» **Instructions for the task**: Restate word for word the entries below, starting at the line with "Se non ci fosse" and ending at the line with "The Cure - Friday I'm in love |". Keep both end lines and omit the pictures.

» **Exercise material**:
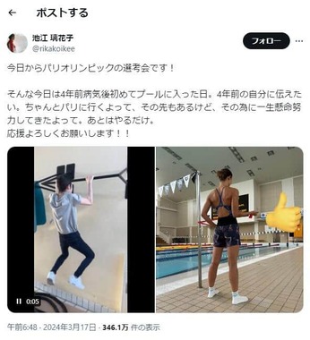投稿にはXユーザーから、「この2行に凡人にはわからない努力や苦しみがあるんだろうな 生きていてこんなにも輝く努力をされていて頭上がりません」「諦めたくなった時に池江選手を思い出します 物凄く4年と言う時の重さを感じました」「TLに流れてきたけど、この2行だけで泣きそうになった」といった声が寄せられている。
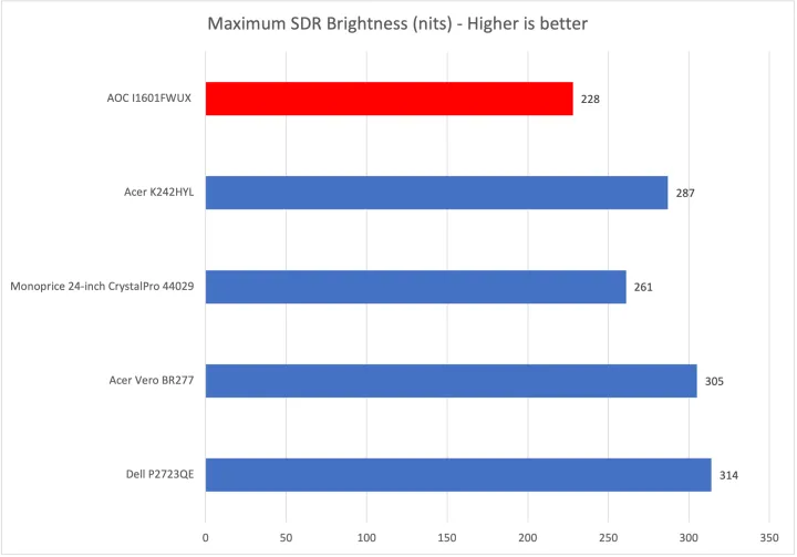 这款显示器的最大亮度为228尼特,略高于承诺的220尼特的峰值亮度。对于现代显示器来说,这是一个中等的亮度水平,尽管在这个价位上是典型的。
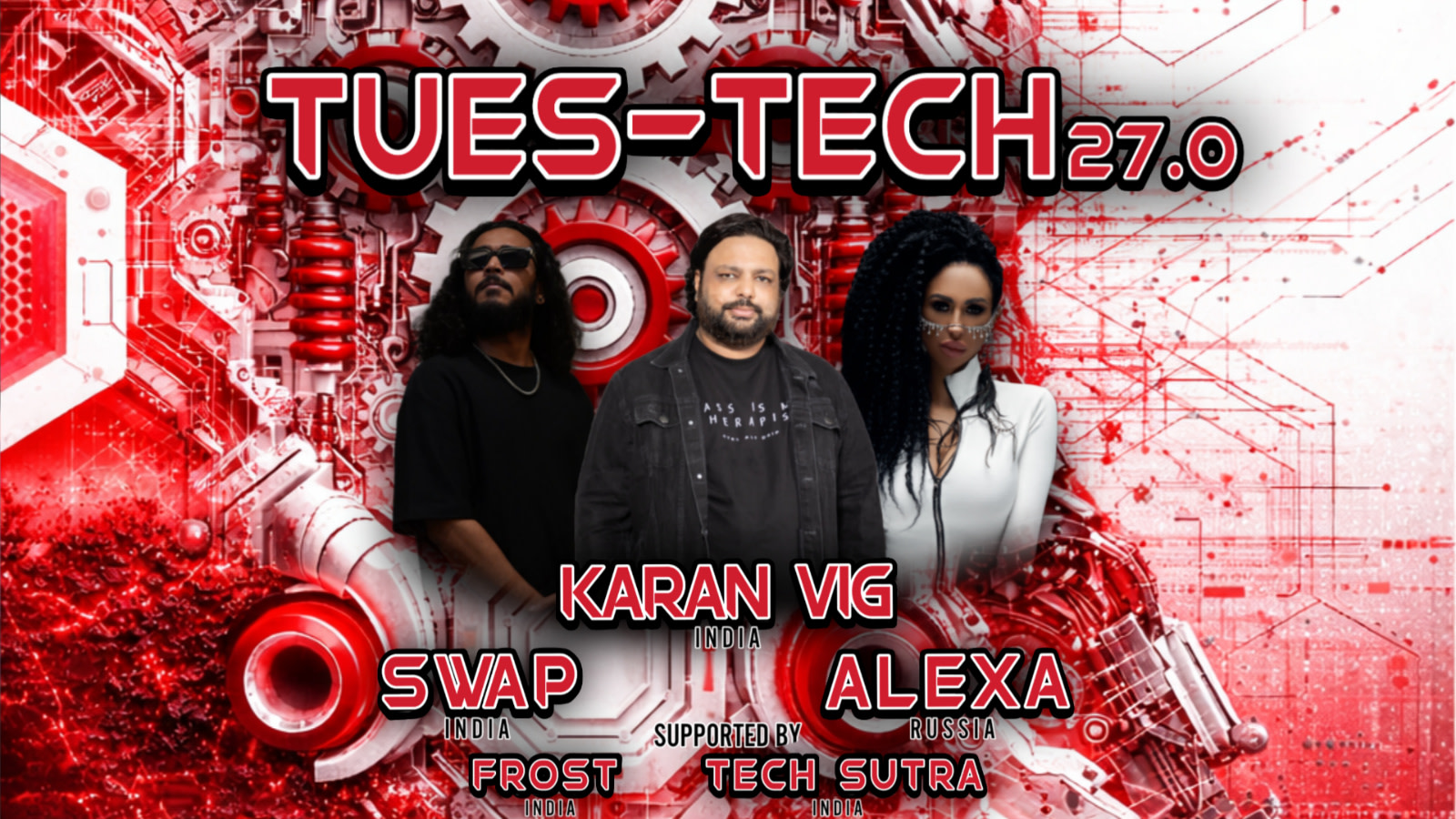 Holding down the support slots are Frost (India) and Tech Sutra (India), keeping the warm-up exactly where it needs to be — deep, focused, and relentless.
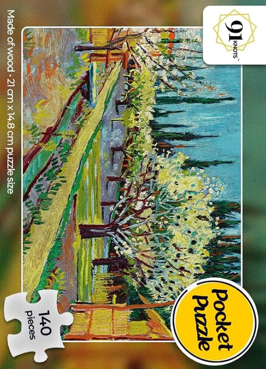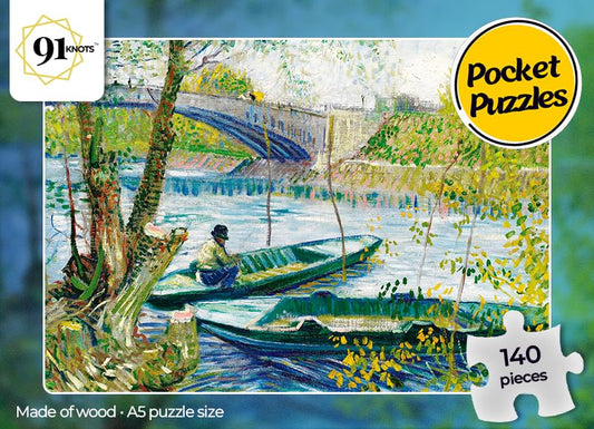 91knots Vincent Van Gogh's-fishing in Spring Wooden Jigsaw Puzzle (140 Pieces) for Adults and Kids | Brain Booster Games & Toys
---
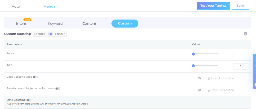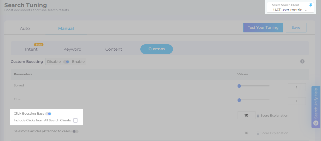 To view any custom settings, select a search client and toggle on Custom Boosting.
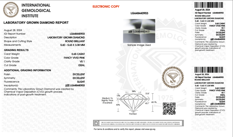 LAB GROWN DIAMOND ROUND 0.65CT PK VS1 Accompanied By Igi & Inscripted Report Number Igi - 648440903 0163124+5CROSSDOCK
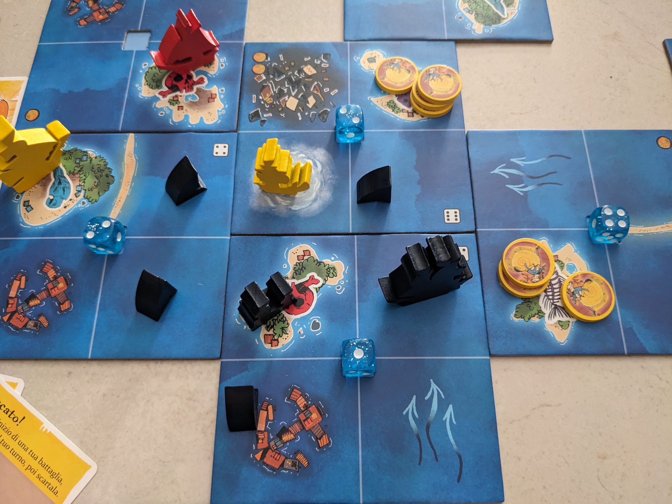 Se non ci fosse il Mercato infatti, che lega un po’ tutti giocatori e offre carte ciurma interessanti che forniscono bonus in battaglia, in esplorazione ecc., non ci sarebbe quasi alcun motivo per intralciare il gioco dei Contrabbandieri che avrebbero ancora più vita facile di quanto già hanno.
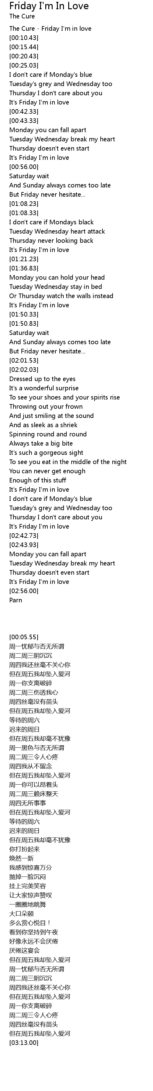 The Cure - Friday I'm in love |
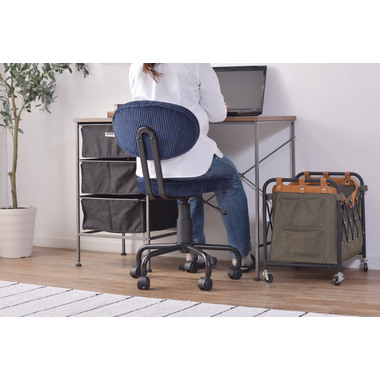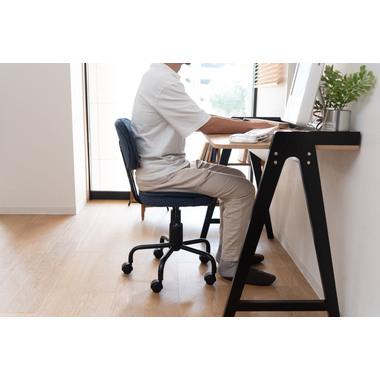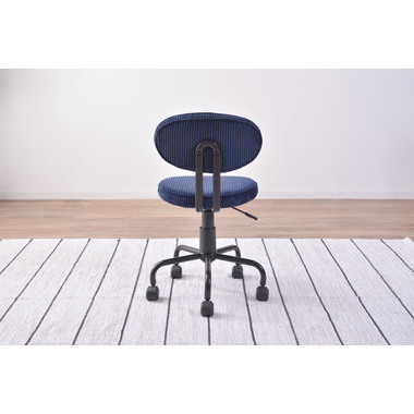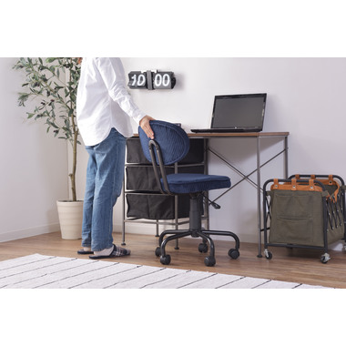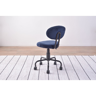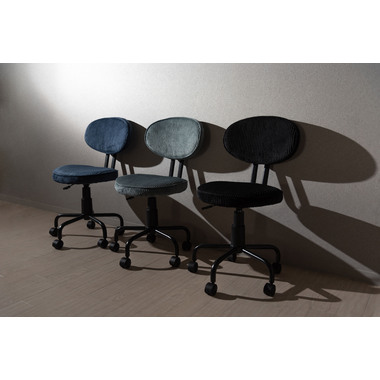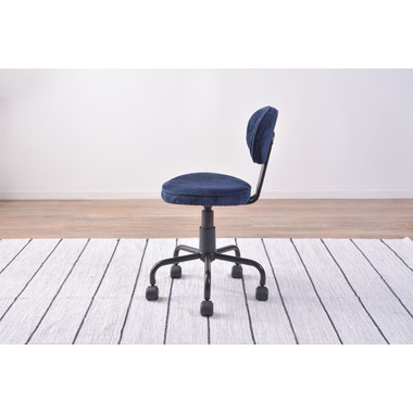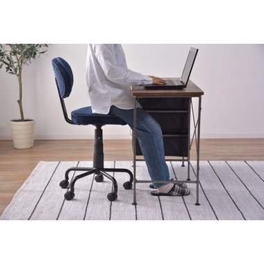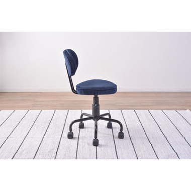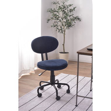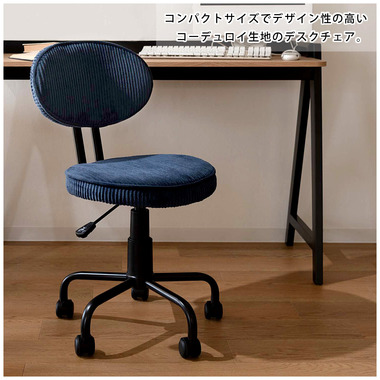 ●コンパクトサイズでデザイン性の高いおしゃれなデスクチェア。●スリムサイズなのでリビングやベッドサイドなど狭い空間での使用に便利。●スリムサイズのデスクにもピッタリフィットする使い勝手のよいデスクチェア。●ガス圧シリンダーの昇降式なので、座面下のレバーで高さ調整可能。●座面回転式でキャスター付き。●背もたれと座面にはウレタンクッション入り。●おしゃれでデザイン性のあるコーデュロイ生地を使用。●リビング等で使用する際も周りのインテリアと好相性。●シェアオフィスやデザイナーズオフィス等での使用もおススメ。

» **Answer area**:
 Se non ci fosse il Mercato infatti, che lega un po’ tutti giocatori e offre carte ciurma interessanti che forniscono bonus in battaglia, in esplorazione ecc., non ci sarebbe quasi alcun motivo per intralciare il gioco dei Contrabbandieri che avrebbero ancora più vita facile di quanto già hanno.
 The Cure - Friday I'm in love |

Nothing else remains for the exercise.